Они остановились у двери с надписью «Армения, 1988».
Гибсон заглянул внутрь и нажал на кнопку.
— Армения, крупное государство. Крупное государство — и как не бывало.
— Сильнейшее землетрясение за полвека в том регионе.
Они остановились еще у двух окошек: «Токио, 1932» и «Сан-Франциско, 1905». На первый взгляд — целые и невредимые. Нажатие на кнопку — и все рушится!
Гибсон побледнел и отвернулся; его била дрожь.
— Ну? — спросил его друг Чарли. — Что в итоге?
— Война и мир? Или мир, разрушающий себя без войны?
— Точно!
— Зачем ты мне это показываешь?
— Ради твоего и моего будущего, ради несметных богатств, беспримерных открытий, поразительных истин. Andale! Vamoose![20]
Чарли Кроу посветил лазерной указкой на самую внушительную дверь в дальнем конце коридора. Зашипели двойные замки, дверь ушла в сторону, а за ней открылся просторный зал заседаний, с огромным пятнадцатиметровым столом и двадцатью кожаными креслами с каждой стороны; в дальнем конце виднелся то ли трон, то ли какой-то помост.
— Вот туда и садись, — сказал Чарли.
Хэнк Гибсон медленно двинулся вперед.
— Шевели ногами. До конца света остается семь минут.
— До конца?…
— Шучу, шучу. Ты готов?
Хэнк Гибсон сел.
— Выкладывай.
Стол, кресла, зал — все задрожало.
Гибсон вскочил.
— Что это было?
— Ничего особенного. — Чарли Кроу сверился с часами. — Время еще есть. Сиди пока. Что ты увидел?
Гибсон нехотя опустился в кресло и стиснул подлокотники.
— Черт его знает. Лики истории?
— Да, но какие именно?
— Война и мир. Мир и война. Мир, конечно, ни к черту не годится. Землетрясения, пожары.
— Соображаешь! А теперь скажи, кто ответственен за эти разрушения, за оба лика?
— За войну? Наверно, политики. Банды националистов, жадность. Зависть. Фабриканты оружия. Заводы Круппа в Германии. Захаров — так, кажется, его звали? Главный поставщик боевой техники, кумир поджигателей войны, герой документальных фильмов из времен моего детства. Захаров?
— Верно! А что ты скажешь о другой стороне коридора? О землетрясениях?
— Это от Бога.
— Только от Бога? Без пособников?
— Каким образом можно пособничать землетрясению?

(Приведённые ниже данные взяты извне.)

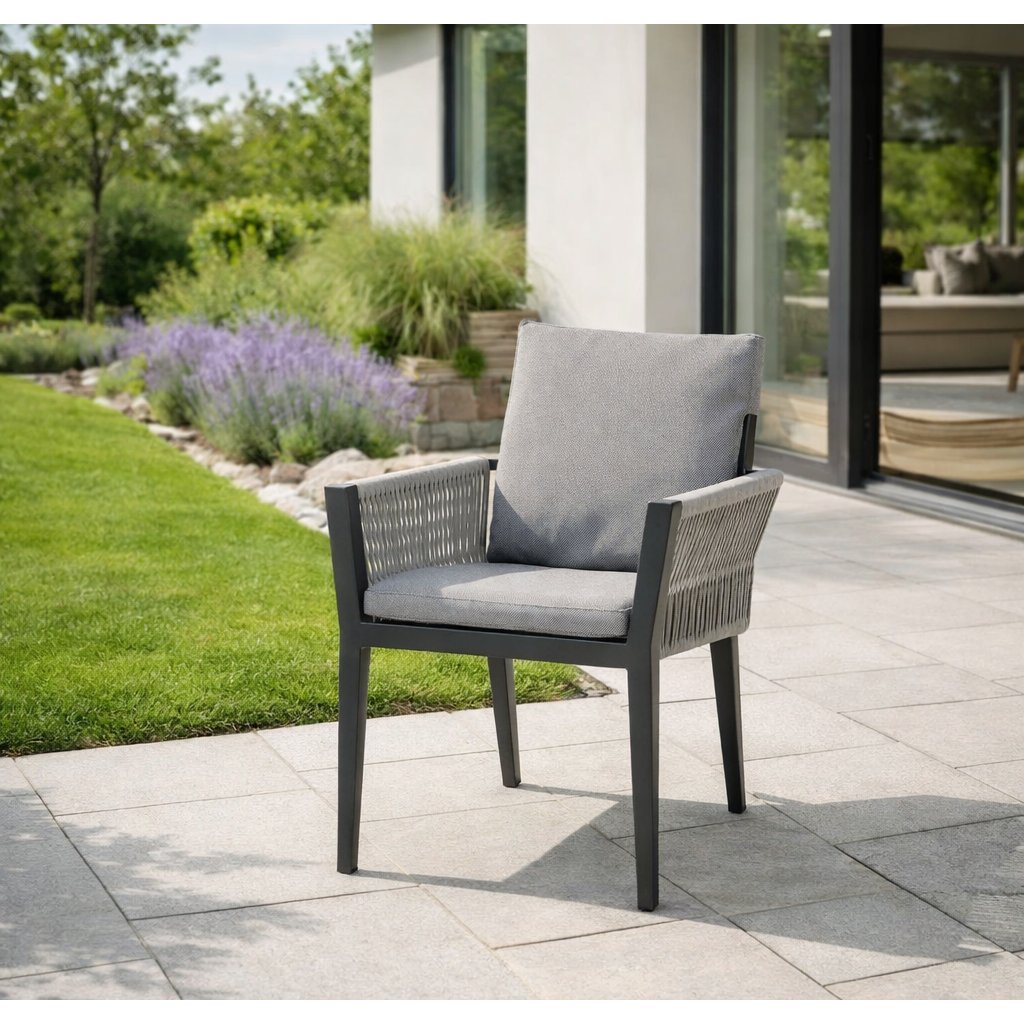 Luxusní zahradní křeslo Namaste má masivní hliníkovou konstrukci v antracitové barvě. Bočnice a opěrná část křesla jsou z pevného, povětrnostním vlivům odolného provazového výpletu. Sedací část je z masivního hliníkového profilu včetně polstru na sedáku i opěradle, s praktickou kapsou přes opěradlo. Díky této kapse polstr pevně drží na křesle, nesjíždí a nekrabatí se.

— Частично. Косвенно. Сообща.
— Землетрясение и есть землетрясение. Город просто оказывается у него на пути. Под ногами.
— Неправильно, Хэнк.
— Неправильно?
— А если я тебе скажу, что эти города не случайно были построены в тех местах? А если я тебе скажу, что мы задумали построить их именно там, с особой целью — чтобы они подверглись разрушению?
— Идиотизм!
— Нет, Хэнк, креативная аннигиляция. Мы занимались этим делом — по части землетрясений — еще в эпоху династии Тан.[21] Это с одной стороны. По части городов? Париж. Тысяча семьсот восемьдесят девятый год — по части войны.
— Мы? Мы? Кто это «мы»?
— Я, Хэнк, и мои когорты, только одетые не в пурпур и золото, а в добротное темное сукно, при элегантных галстуках, как подобает выпускникам престижных архитектурных факультетов. Это наших рук дело, Хэнк. Мы строили города, с тем чтобы их сносить. Разрушать с помощью землетрясений или уничтожать с помощью бомбардировок и войн, войн и бомбардировок.
— Мы? Мы?
— В этом зале, или в таких же залах по всему миру, в этих креслах сидели люди, по правую и по левую руку от верховного верховода всех зодчих, который возвышался там, где сейчас сидишь ты…
— Зодчие?
— Неужели ты думаешь, что все эти землетрясения, все войны начинались по воле случая, по чистому стечению обстоятельств? Их устраивали мы, Хэнк, проектировщики-градостроители всего мира. Не фабриканты оружия, не политики — о, для нас они были словно марионетки, куклы, услужливые дураки, тогда как мы, архитекторы высшей марки, планировали создание и последующее уничтожение наших детищ, наших зданий и городов!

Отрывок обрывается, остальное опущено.